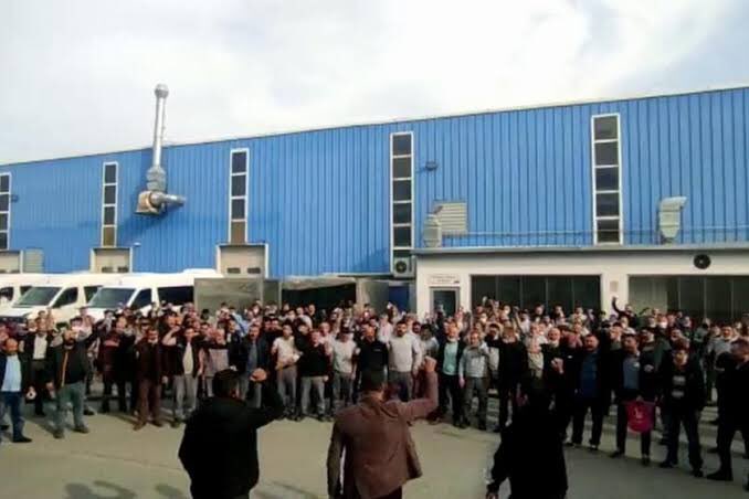 İşçiler, fabrikada yürüyüş ve eylemler düzenleyip “Sadaka değil hakkımızı isteriz”, “Açlıktan ölmeyiz biz bu yoldan dönmeyiz” sloganları atıyor.
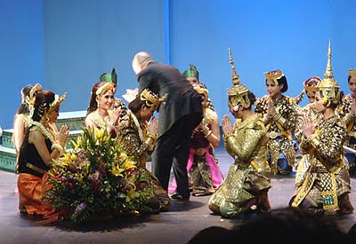 King Norodom Sihamoni thanks Sam Savin personally on stage after the performance
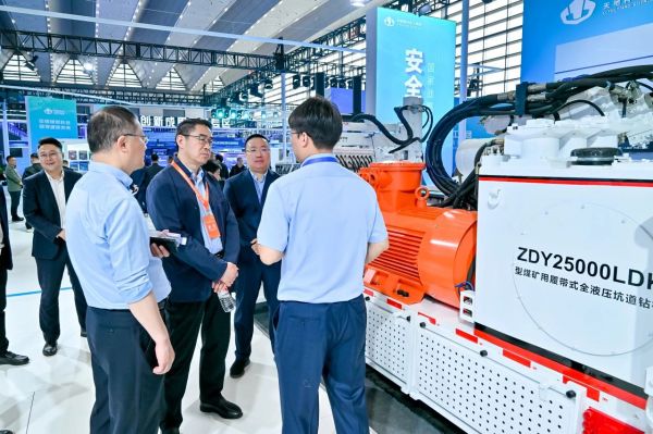 西安研究院展出的ZDY25000LDK大功率自动化系列定向钻机,是一种采用电液一体化控制和遥控操作,具备大转矩输出,适用于大直径近水平深孔钻进的履带式自行走全液压动力头式坑道钻机。

■ TASK DETAILS:
Set down, word for word, the full listing above, and carry over no pictures.

■ PROBLEM SOLUTION:
 İşçiler, fabrikada yürüyüş ve eylemler düzenleyip “Sadaka değil hakkımızı isteriz”, “Açlıktan ölmeyiz biz bu yoldan dönmeyiz” sloganları atıyor.
 King Norodom Sihamoni thanks Sam Savin personally on stage after the performance
 西安研究院展出的ZDY25000LDK大功率自动化系列定向钻机,是一种采用电液一体化控制和遥控操作,具备大转矩输出,适用于大直径近水平深孔钻进的履带式自行走全液压动力头式坑道钻机。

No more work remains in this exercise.